Romain Gary, Romans et récits. Deux volumes. Publié sous la direction de Mireille Sacotte. Éd. Gallimard, "Bibliothèque de la Pléiade". Les deux volumes sous coffret, 129 €. À signaler dans la même collection, Album Romain Gary par Maxime Decout (offert pour l'achat de trois volumes de la Pléiade).  

09/05/2019

Deux conseils de lecture

   1° Thierry Laget, Proust, prix Goncourt. Une émeute littéraire. Éd. Gallimard, 19,50 €. Le mercredi 10 décembre 1919, Marcel Proust reçoit le prix Goncourt pour À l'ombre des jeunes filles en fleurs. Dans cet essai d'histoire littéraire, Thierry Laget nous conte par le menu cet événement qui eut son importance dans la vie de Proust. Il est deux heures de l'après-midi à peu près, et l'auteur d'À la recherche du temps perdu dort encore. Sa gouvernante Céleste décide de le réveiller. "Monsieur, lui dit-elle, j'ai une grande nouvelle à vous annoncer, qui va sûrement vous faire plaisir... Vous avez le prix Goncourt !" Thierry Laget reproduit la réaction très courte de Proust : "Ah !" Et il commente : "Le laconisme de Proust trahit son émotion ; lui, d'habitude si éloquent, ne parvient à articuler à cet instant-là que la phrase la plus brève de sa vie." Thierry Laget est un spécialiste réputé de Proust. Il avait déjà travaillé sur ce thème du Goncourt de Proust pour sa thèse. Il y revient aujourd'hui, en un livre délicieux, écrit avec finesse, et qui fera rentrer le lecteur au plus près de l'univers proustien. Un régal pour les amateurs.

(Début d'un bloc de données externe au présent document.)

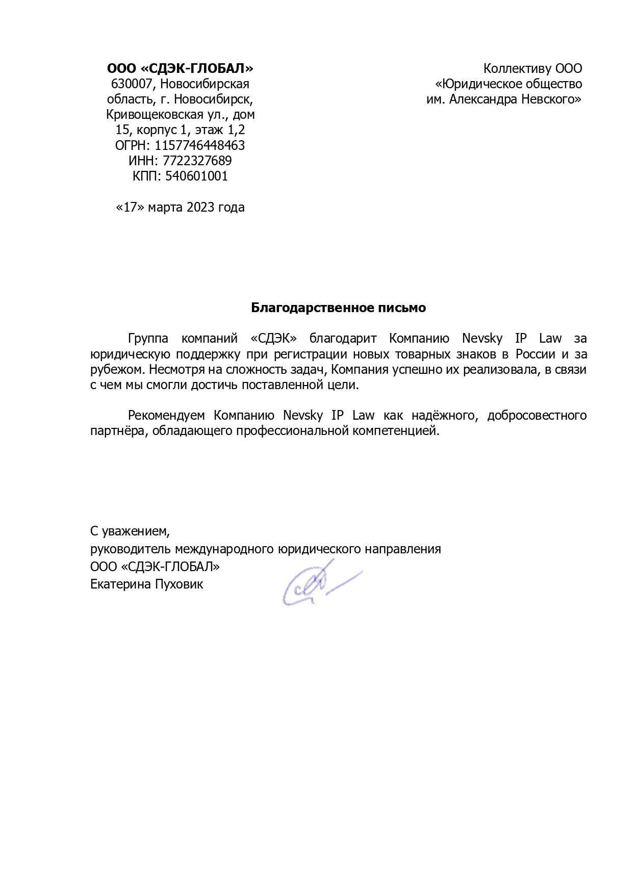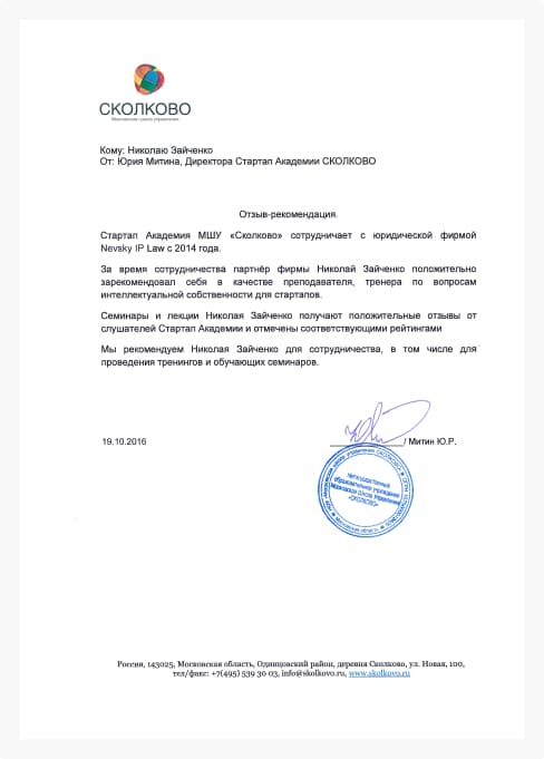 Рекомендую Кирилла для регистрации и защиты вашего товарного знака!»
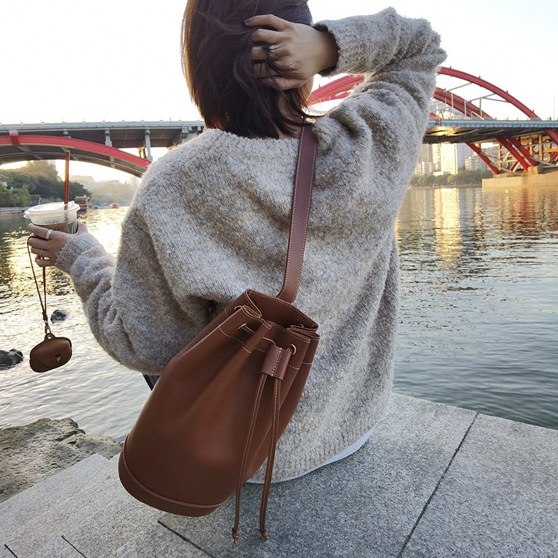 Небольшая дизайнерская кожаная сумка на одно плечо, из натуральной кожи, на шнурках
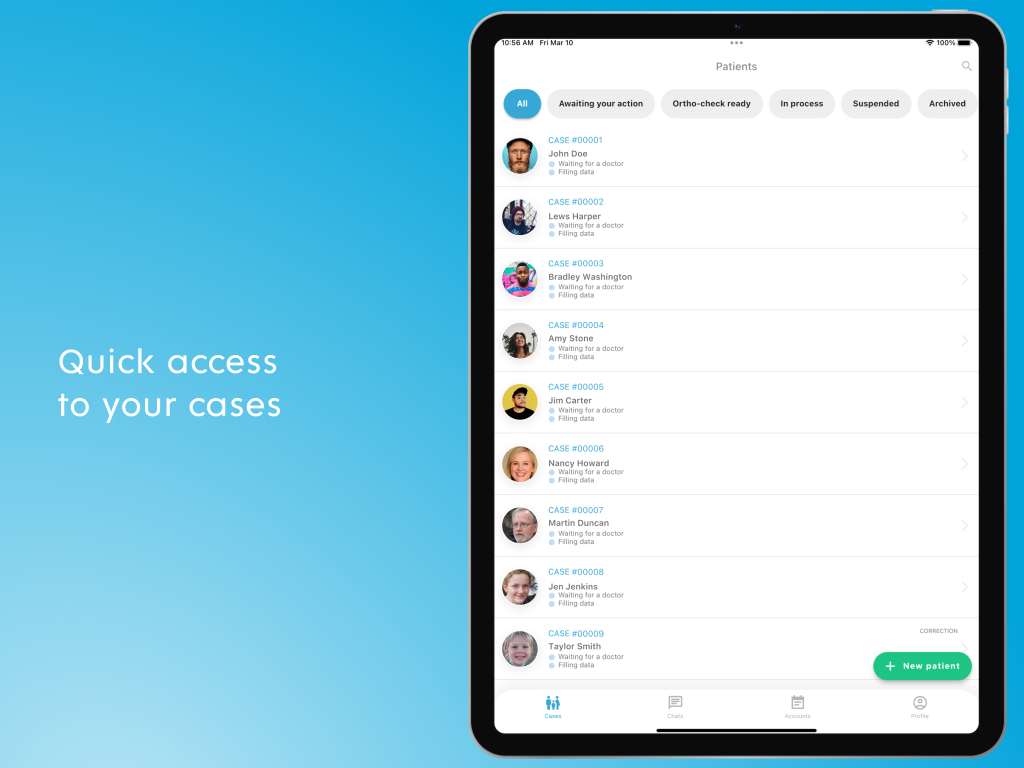 دسترسی به این اپلیکیشن به مشتریان مجاز شرکت - ارتودنتیستها و پروتزیستها - و همچنین بیمارانی که توسط پزشکان معالجشان دعوت شدهاند، اعطا میشود.
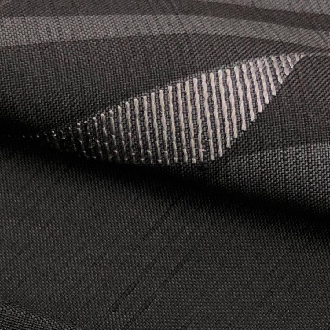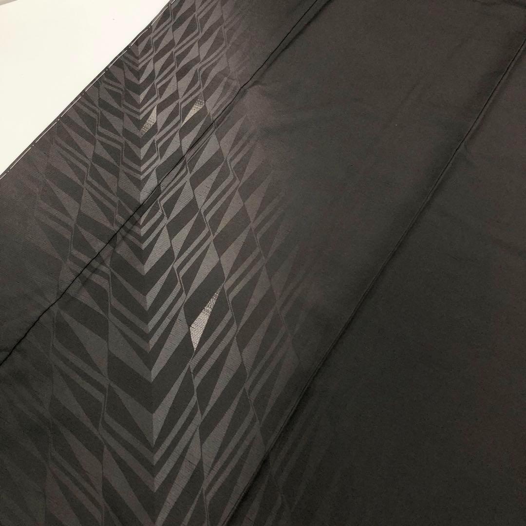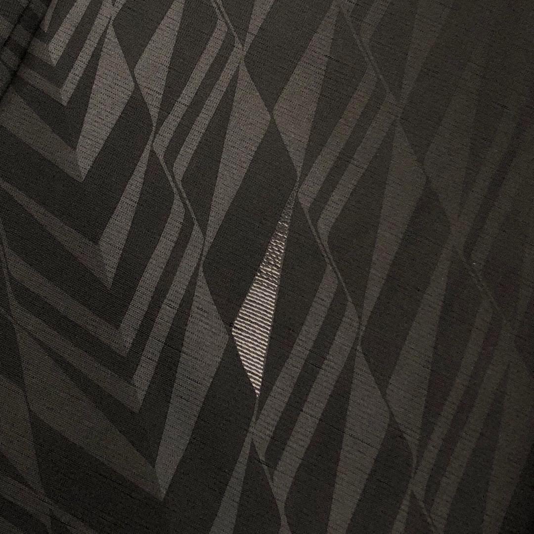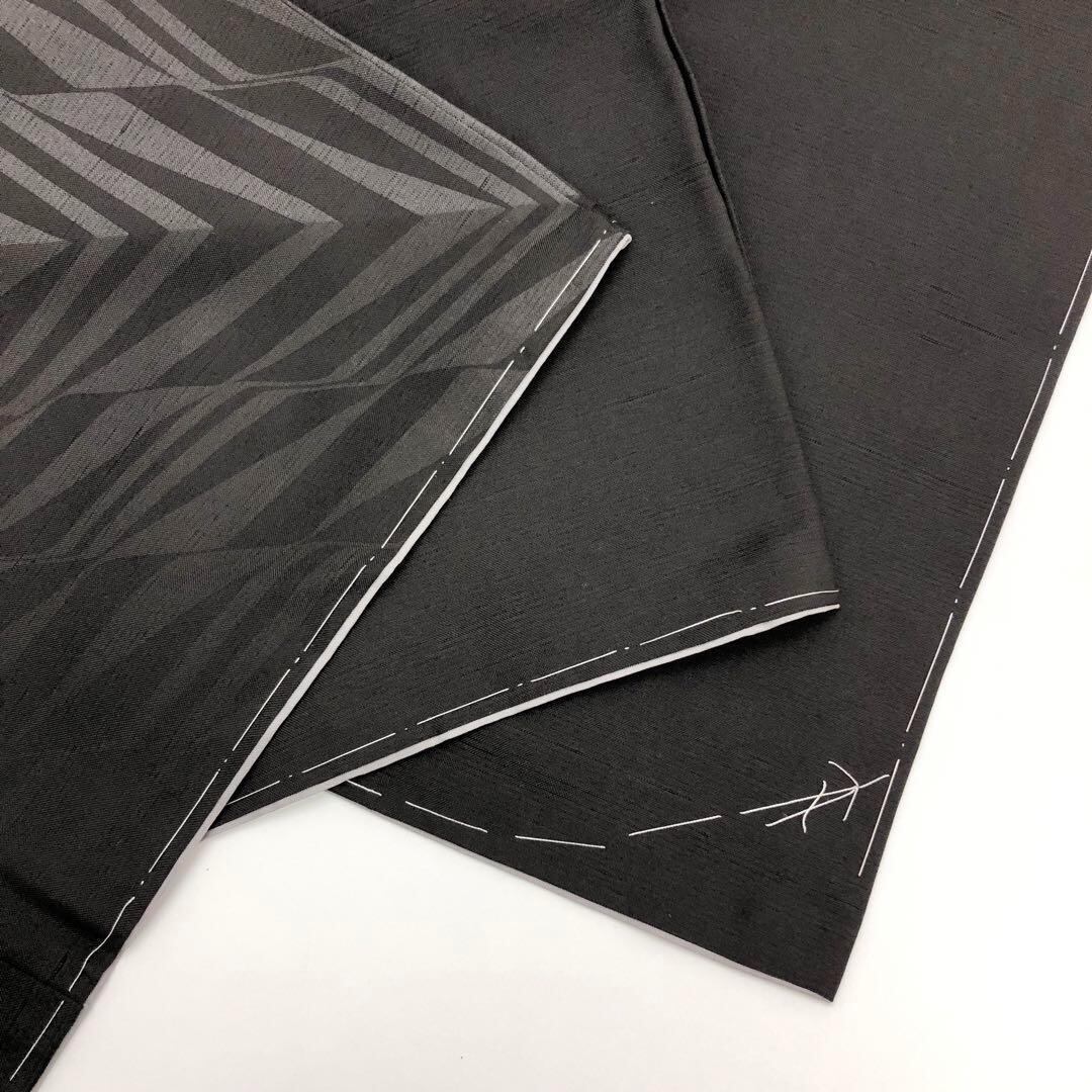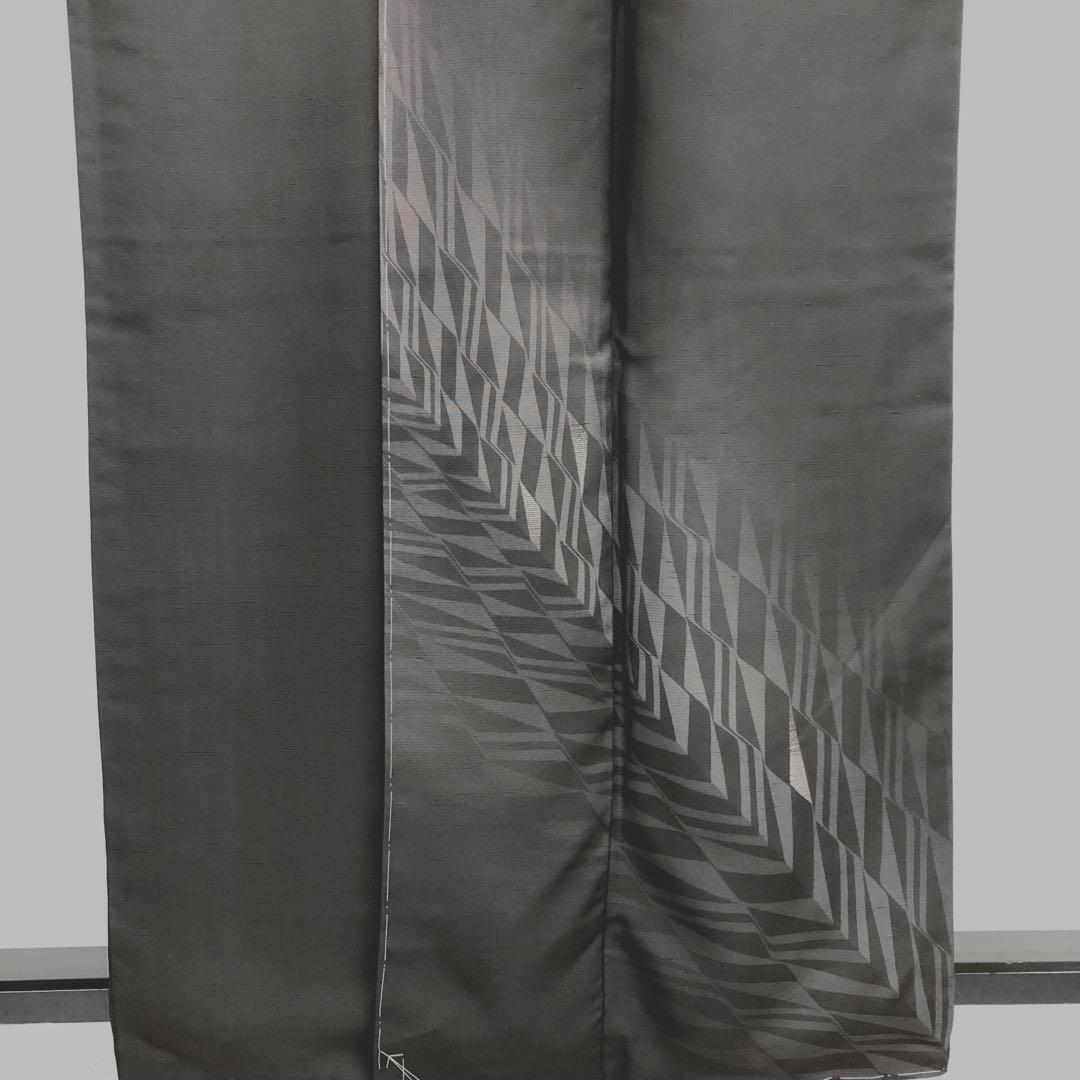 黒鼠色のシックなお色味に一部刺繍が使われたモダンな幾何学模様がデザインされたスタイリッシュな柄裄のお品でございます。

   2° Aragon, La Grande Gaîté suivi de Tout ne finit pas par des chansons. Éd. Gallimard, coll. "Poésie/Gallimard". La Grande Gaîté est un recueil de poèmes d'Aragon, publié chez Gallimard en 1929. La tonalité de ces textes est dépressive, comme le confirme dans sa préface Marie-Thérèse Eychart. Nous sommes peu avant la rencontre avec Elsa. Aragon vit avec Nancy Cunard, entre Paris et Venise. Leur relation tient plutôt de l'enfer, et Aragon fait une tentative de suicide. Les poèmes de La Grande Gaîté reflètent cet état d'esprit sinistre. Aragon s'en est expliqué plus tard, en 1973, dans ce parfait petit texte en prose intitulé Tout ne finit pas par des chansons. Cet opuscule poétique d'Aragon revêt donc une importance cruciale, pour ceux qui s'intéressent à son cheminement créatif. Jamais Aragon ne reviendra à des œuvres aussi désespérées, concises dans leur amertume, violentes dans leur désenchantement. La beauté formelle, elle, était toujours là, sous le soleil noir de la mélancolie.

28/02/2019

L'affectivité au risque de la sincérité

   Dans son essai sur Yukio Mishima (Mishima ou La vision du vide, éd. Gallimard, 1981), Marguerite Yourcenar avait beaucoup insisté sur la cérémonie du seppuku traditionnel, par lequel l'écrivain s'était suicidé de manière si spectaculaire. Elle relativisait un peu trop, par ailleurs, la valeur de l'œuvre romanesque, comme mise sous le boisseau. Depuis lors, il a fallu réévaluer ce jugement critique. Les livres de Mishima étaient ceux d'un très grand auteur japonais : ils avaient au début pâti de l'impact médiatique de son suicide, mais trouvaient avec le temps leur véritable place dans la littérature universelle. 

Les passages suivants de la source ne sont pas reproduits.